The accommodations are simple but adequate.  There are a number of small cabins for families (or Amish ladies).  We stayed in a dorm with 8 other hikers.  The bunk beds were comfortable.  The shower felt so, so good and even better, the dorm was air-conditioned.   This was lucky for us because when we arrived the temperature was 107 F in the shade.  Sleeping would have been impossible without the cooling unit.  

Steve had no trouble convincing me that we should sign up for the early breakfast.  At 4:30 am came a knock on the dorm door.  We were on the trail by 5:30 am.  This is a view downstream from the walking bridge just after leaving Phantom Ranch.  

We dreaded the rising of the sun over the canyon rim.  We were unsure of the temperature in the morning.  It was warm but in no way comparable to the heat of the previous afternoon.  
  
Because of our early start, we were able to climb for several hours in the shade.  Climbing out was definitely easier than climbing down, all due to the heat.  As we climbed the temperature did not increase.  It is simply cooler at higher elevations even though the temperature increases during the day.  

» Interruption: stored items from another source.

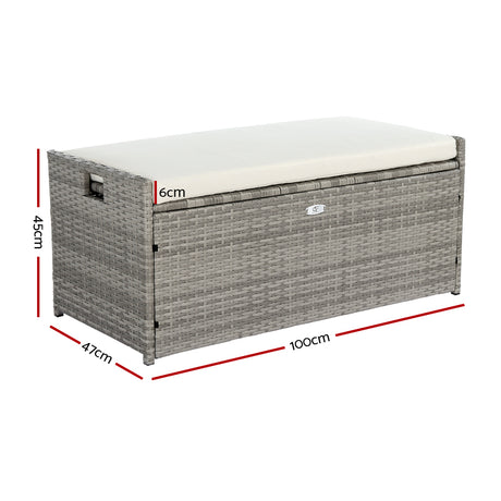 Gardeon Outdoor Storage Bench Box Wicker Garden Sheds Tools Cushion Patio Furniture Grey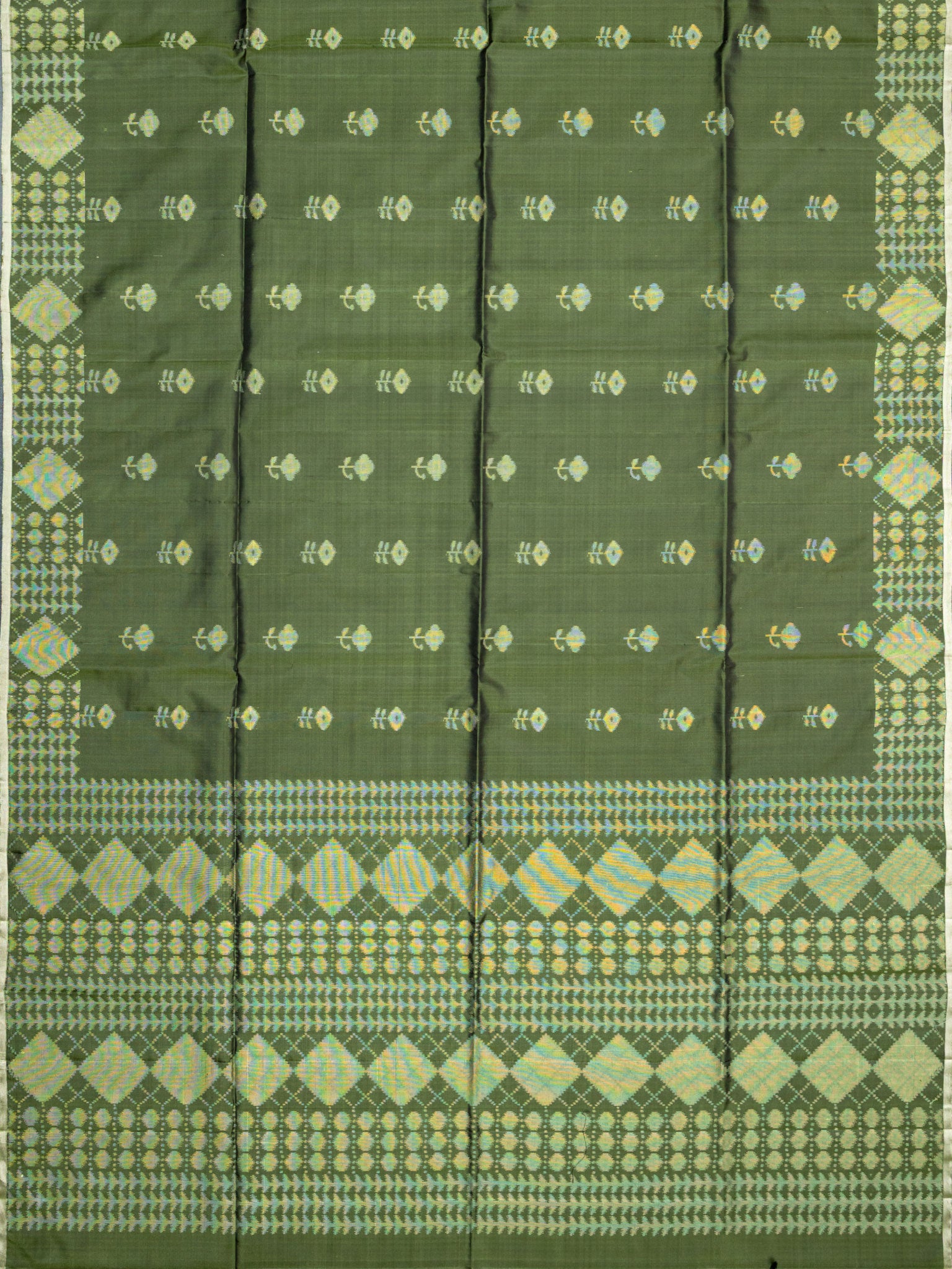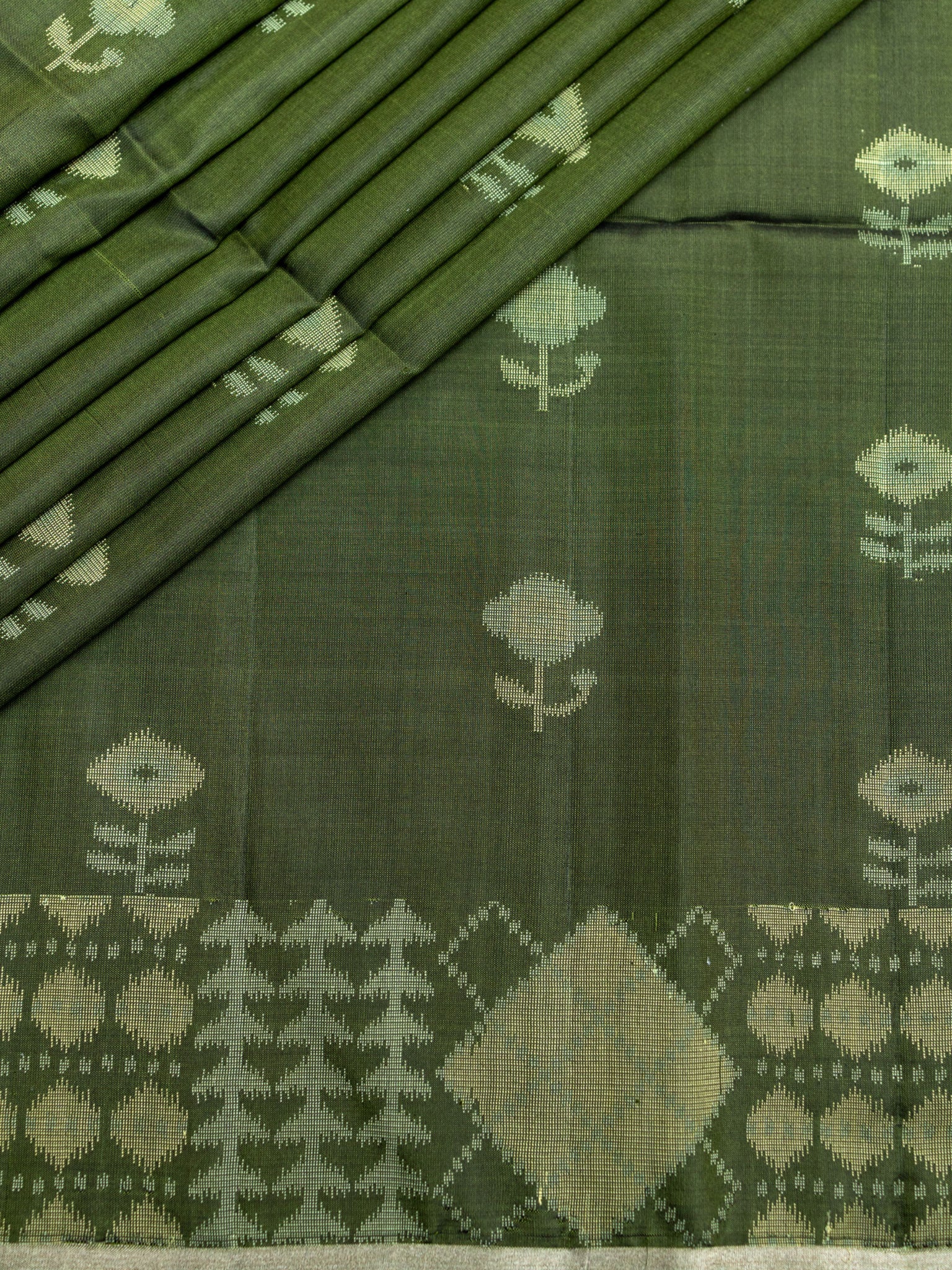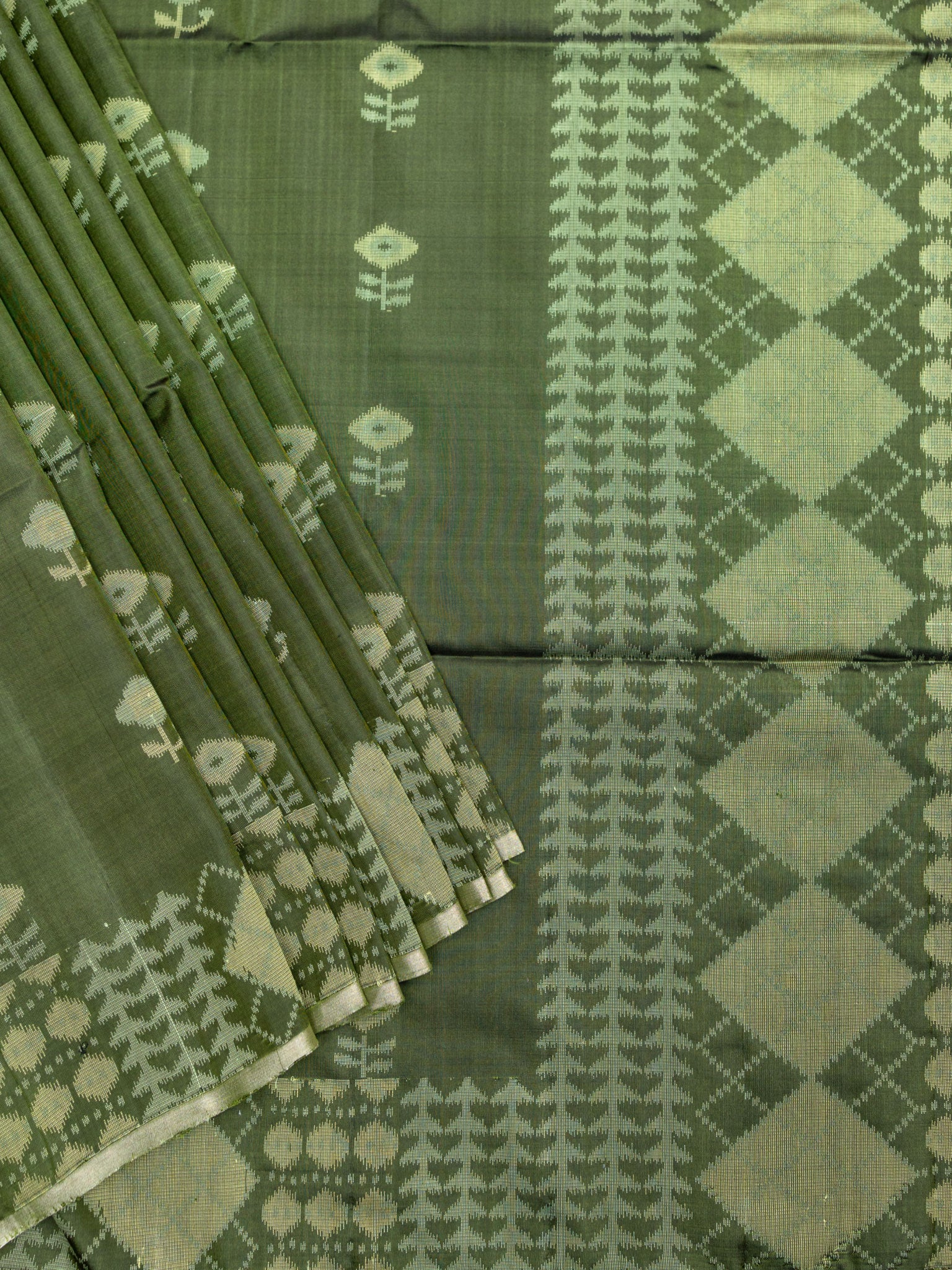 Shop the Mehendi Green Soft Silk Tripura Pattu saree. Unstitched, premium quality silk perfect for festive, traditional, and special occasions.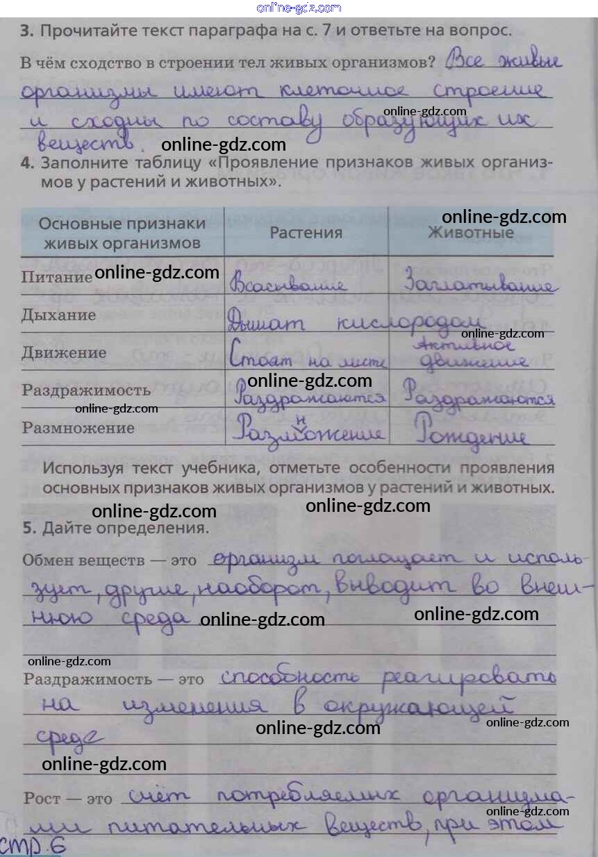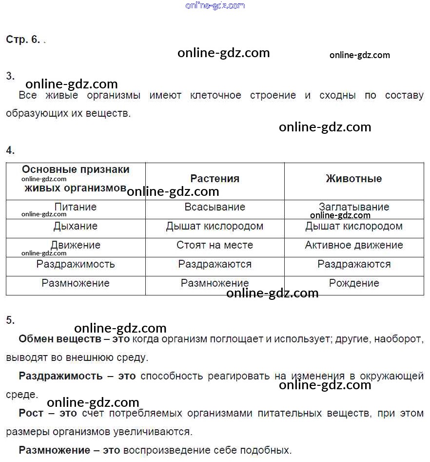 Готовые домашние задания по Биологии за 5 класс Рабочая тетрадь Сонин Вертикаль 2017 - Часть 1. Живой организм: строение и изучение (страницы) стр. 6

After conquering many, many switchbacks we again began to meet the day hikers who only descend partway from the El Tovar lodge into the canyon.  

When we arrived at the top, I was quite emotional.  We had traveled back through geologic time and back through decades to a ranch that marvelously has not changed much since early in the last century.  We had also regained a glimpse into our youth, to a time when this would have been more like a cake walk.  However, this was truly an accomplishment for me and a great experience which I was fortunate enough to share with my very good friend, Steve.  We're already planning our next adventure hike.  

P.S.  Another reason I felt so emotional at the end of this hike was my memory of a trip Mary and I had made to the canyon more than two decades ago with our two boys.  Tim, Lucas and I had walked down to the river from the south rim and out to the north rim, camping two nights in the canyon.  Mary drove around to meet us at the north rim.  That was a very special time when I bonded with my sons.  I only wish the trip could be repeated so that we could be together again.  I'm dedicating the hike this year to my two precious sons, Lucas and Tim.